▸ TO DO
The listing below should be written out word for word, with its pictures removed.

SUPPLIED DATA section start

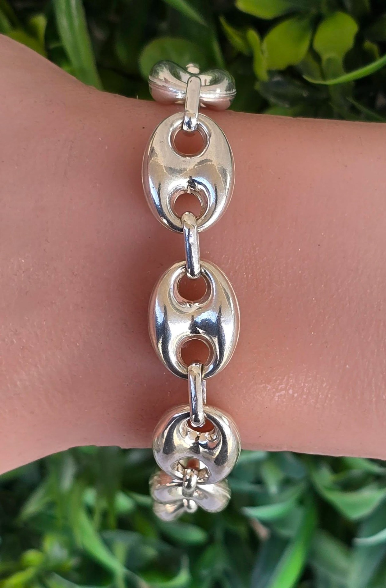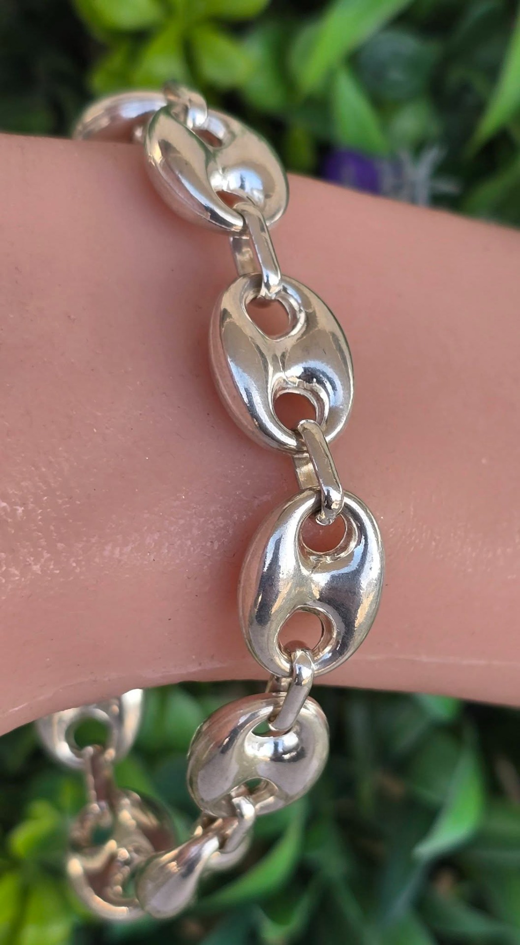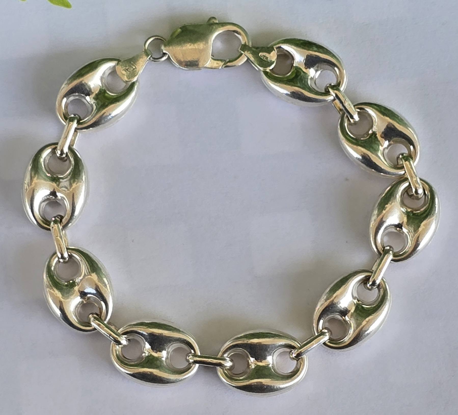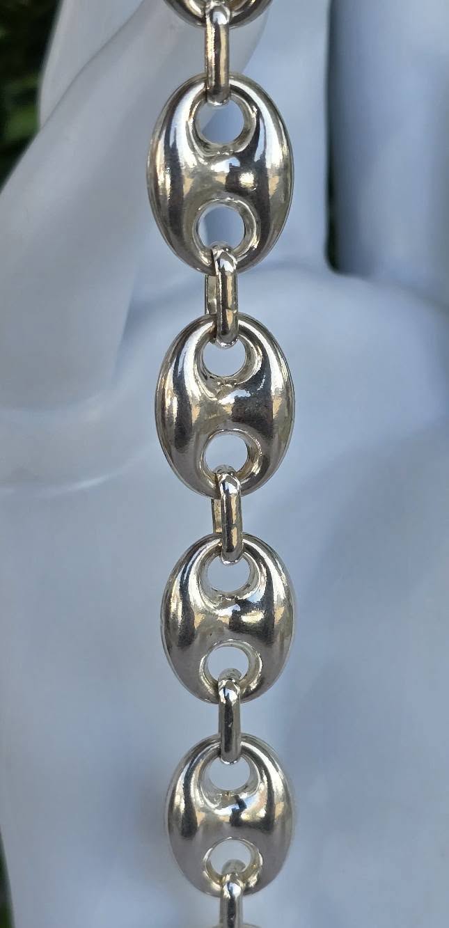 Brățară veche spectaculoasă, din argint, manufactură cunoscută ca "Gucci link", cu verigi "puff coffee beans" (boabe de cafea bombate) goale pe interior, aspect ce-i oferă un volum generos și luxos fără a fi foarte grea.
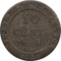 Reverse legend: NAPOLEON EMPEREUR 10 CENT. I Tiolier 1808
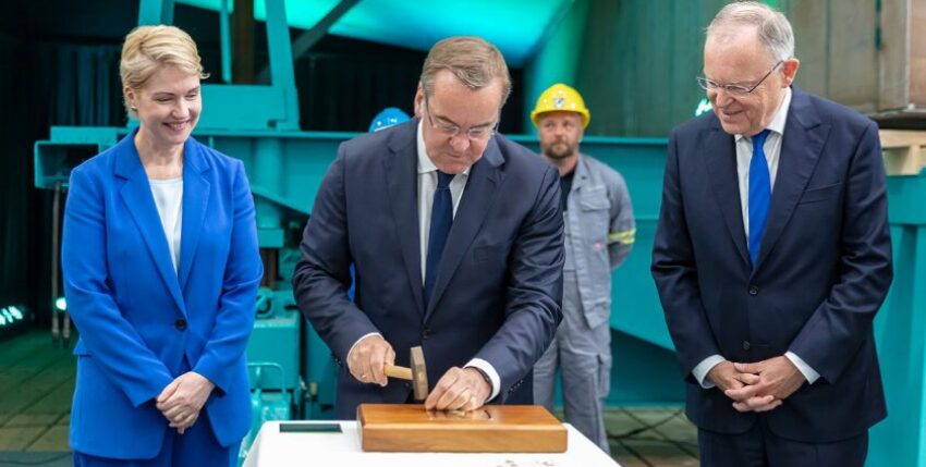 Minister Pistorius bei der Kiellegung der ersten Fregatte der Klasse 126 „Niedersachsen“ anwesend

SUPPLIED DATA section end

▸ WRITTEN SOLUTION
 Brățară veche spectaculoasă, din argint, manufactură cunoscută ca "Gucci link", cu verigi "puff coffee beans" (boabe de cafea bombate) goale pe interior, aspect ce-i oferă un volum generos și luxos fără a fi foarte grea.
 Reverse legend: NAPOLEON EMPEREUR 10 CENT. I Tiolier 1808
 Minister Pistorius bei der Kiellegung der ersten Fregatte der Klasse 126 „Niedersachsen“ anwesend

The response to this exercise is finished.